What the law requires
Arkansas law establishes clear standards for pension investments:
- Sole interest rule — Trustees must invest assets “solely in the interest of the members and benefit recipients” (Ark. Code § 24-2-614)
- Pecuniary factors only — Evaluations must be “based only on pecuniary factors” with material financial effects on risk or return (Act 411 of 2023)
- Prudent investor standard — Trustees must exercise the care, skill, and diligence of an experienced, prudent investor (Ark. Code §§ 24-2-610–619)
The central question is whether these investments were driven by pecuniary benefit — as required by law — or by political motivations. The contrast between official financial justifications and celebratory political statements is the core of this issue.
What you can do
This evidence belongs to every Arkansan. Here’s how to use it:
- Are you an educator? See what this means for your ATRS pension and use our letter template to contact trustees.

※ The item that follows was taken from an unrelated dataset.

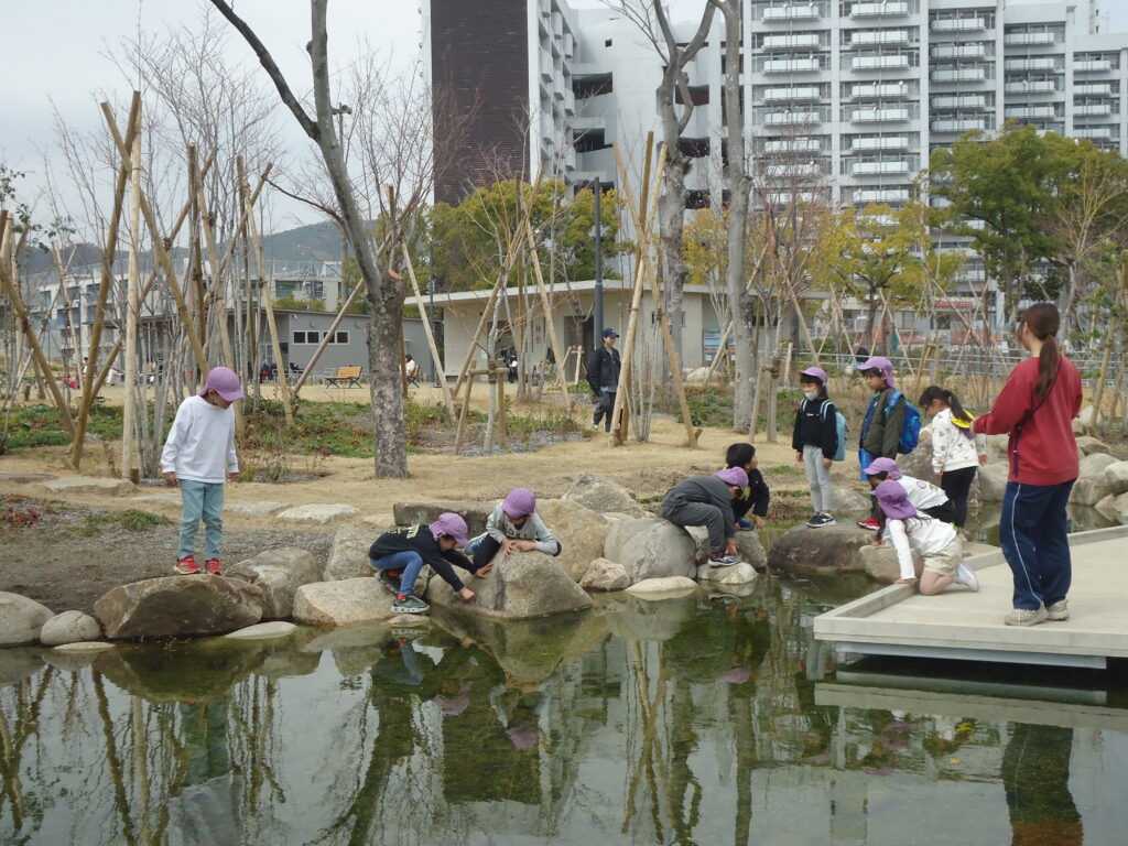 池も見つけ、何か生き物いないかな・・・・?とみんなで虫探し!!「タニシ、見つけたよ!」と教えてくれた子も(笑)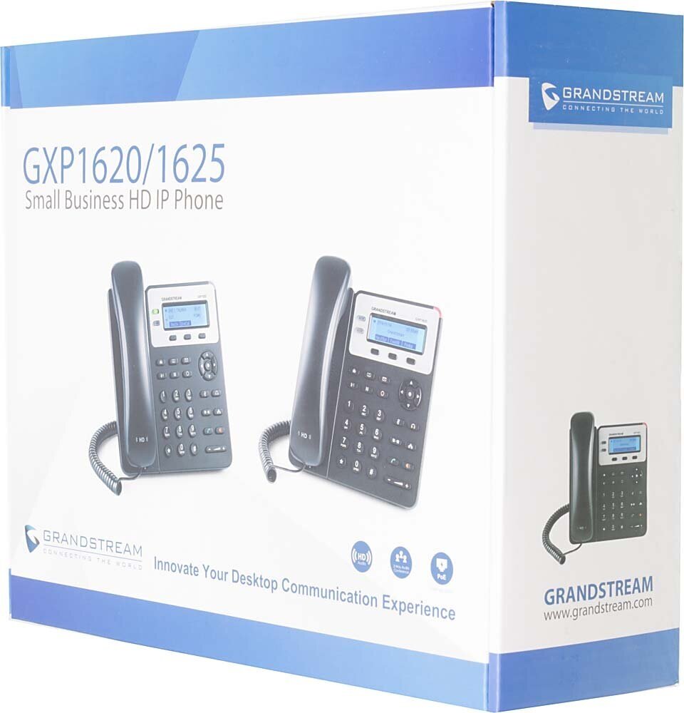 | Комплектация | Телефон VoiceIP Grandstream GXP-1620, телефонная трубка со шнуром, основание, универсальный блок питания, руководство пользователя |

- Are you a state employee? See what this means for your APERS pension and use our letter template to contact trustees.
- Want to get involved? See all the ways you can take action — from writing trustees to attending board meetings.
- Are you a legislator or legislative staff? Read our policy brief with specific legislative recommendations for the 2027 session.
- Are you a journalist? Visit our press page for pull-ready statistics, timeline, and media contact.
Browse our source document archive to read the primary evidence yourself.
For additional source documents and detailed findings, contact us at info@arpensions.org.
Last updated: March 2026.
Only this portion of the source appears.